陳工回到宿舍琢磨一下,他腦子不太夠用,準備去找弟弟問問,弟弟智商高一點。
至於找陳偉,他怕陳偉使絆子。
陳工給陳才打了一個電話,陳才正在程式設計,看見是大哥打來的電話,就回了一個,聽說這個事,陳才炸了。
他立刻調集自己的保安團,十個人,立刻直奔陳工的宿舍。
晚上十點半,陳工的宿舍外面站著幾個安保。
陳才指著陳工的鼻子說道:“我的大哥,你不能去外國踢球是肯定的,你知道你是誰嗎?”
陳工說道:“我是你哥,我還能是誰?”
陳才氣的半死說道:“你知道你是我哥,你還想著去國外踢球,你對的起爸,你對的起爺爺嗎?”

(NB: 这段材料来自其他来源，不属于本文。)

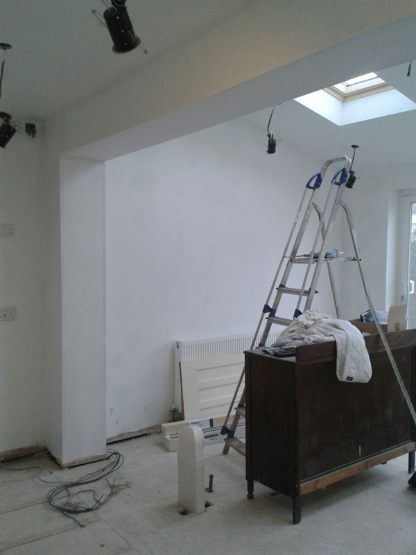 The walls are white, most of the work for the builders is now complete, timber for the floor and the worktops arrives on Friday. Almost over to me.
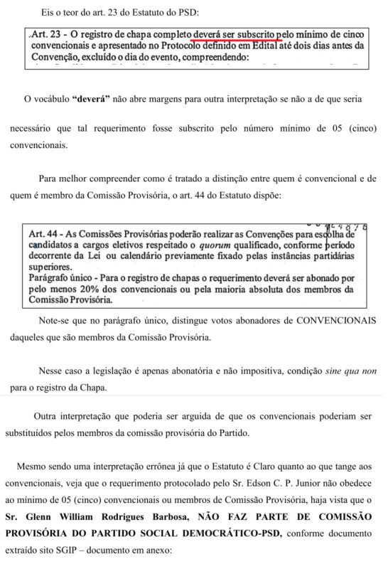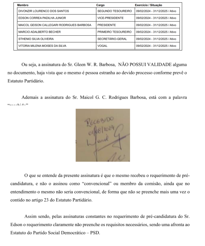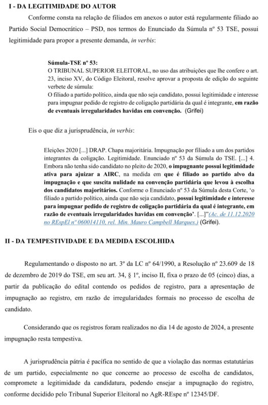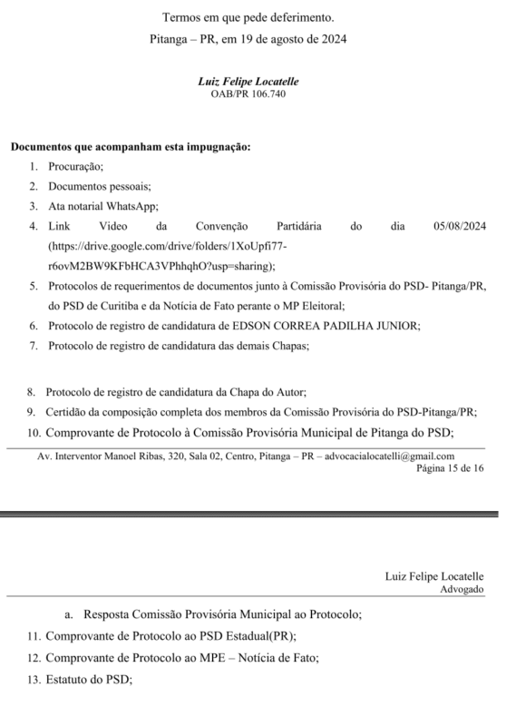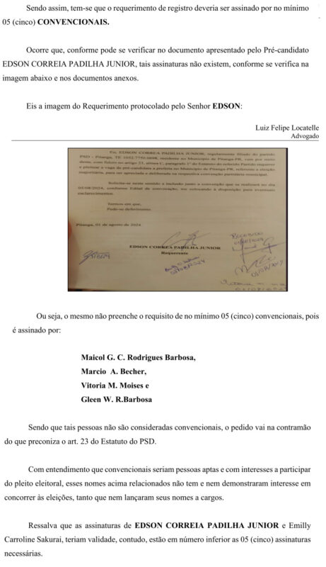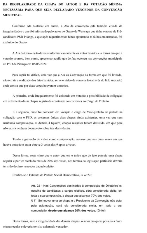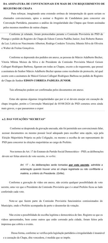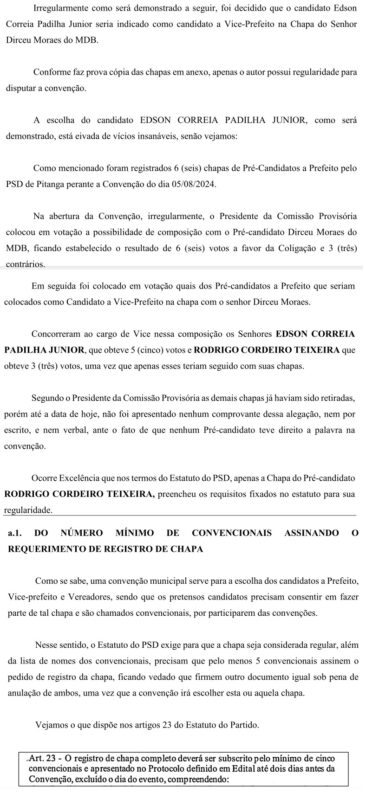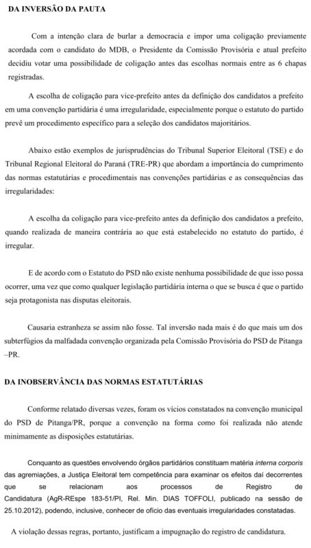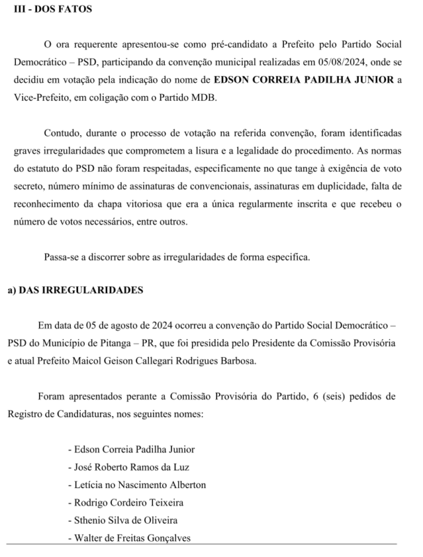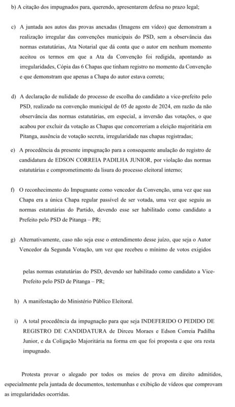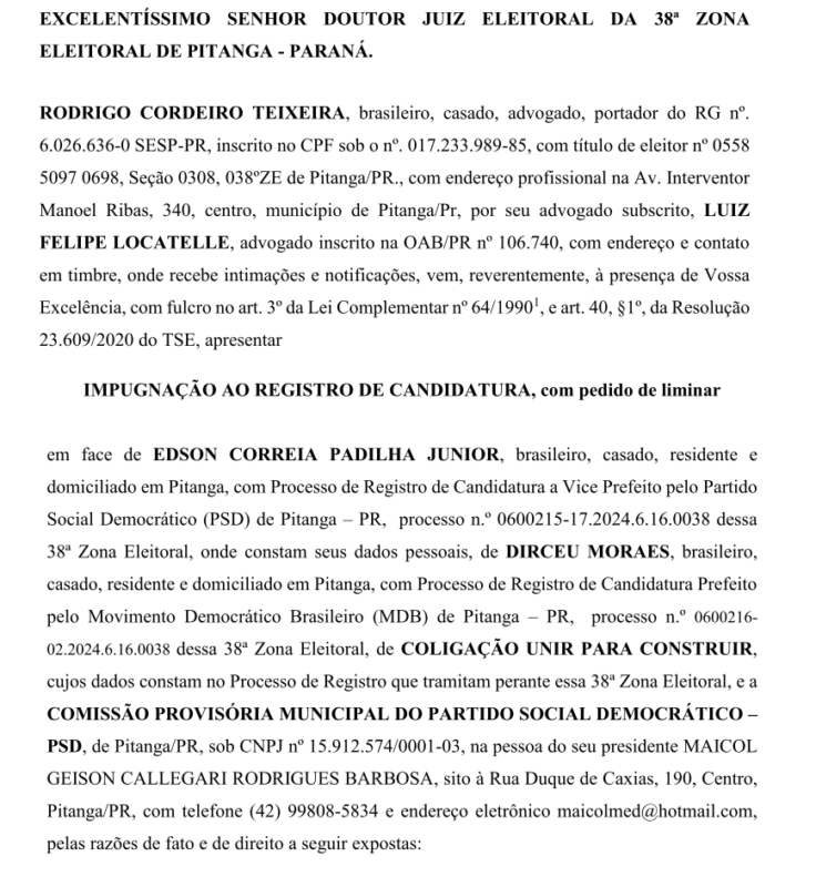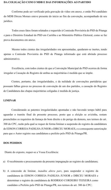 Um documento (pedido de impugnação de registro de candidatura) protocolado pelo vereador e advogado Rodrigo Cordeiro Teixeira, no Ministério Público Eleitoral da Comarca de Pitanga com data de segunda-feira, dia 19 de agosto de 2024, pede a cassação da Chapa encabeçada pelo Candidato a Prefeito Sargento Moraes (MDB) e o candidato a vice Juninho Padilha (PSD), por motivo de várias irregularidades apontadas que foram cometidas na convenção do PSD.

陳工一頭的霧水:“就是爸不讓我去國外,我去看球不行,我這麼好的技,在國踢球可惜了,我是要走上國際舞臺,帶著我們國家隊,衝擊世界盃的,現在著我算什麼?”
陳才嘆了一口氣說道:“你都白活了,不還記得不記得,爸帶你去過什麼地方。”
“去的地方多了!”陳工的腦子裡面就是踢球。
“接見群眾,憑什麼帶著你,不帶著別人!”
“你自己心裡沒數,爸去長安街參加葬禮,你還猜不出來嗎?”
“……”陳工聽完,陳才說的自己份之後,陳工說道:“不可能,爸沒和我說過。”
“這種事,還要說,你兒子什麼名字,你兒子的名字多奇怪,和我們家人都不一樣,你要是不懂,你問問大院的三位大爺,你問問他們!”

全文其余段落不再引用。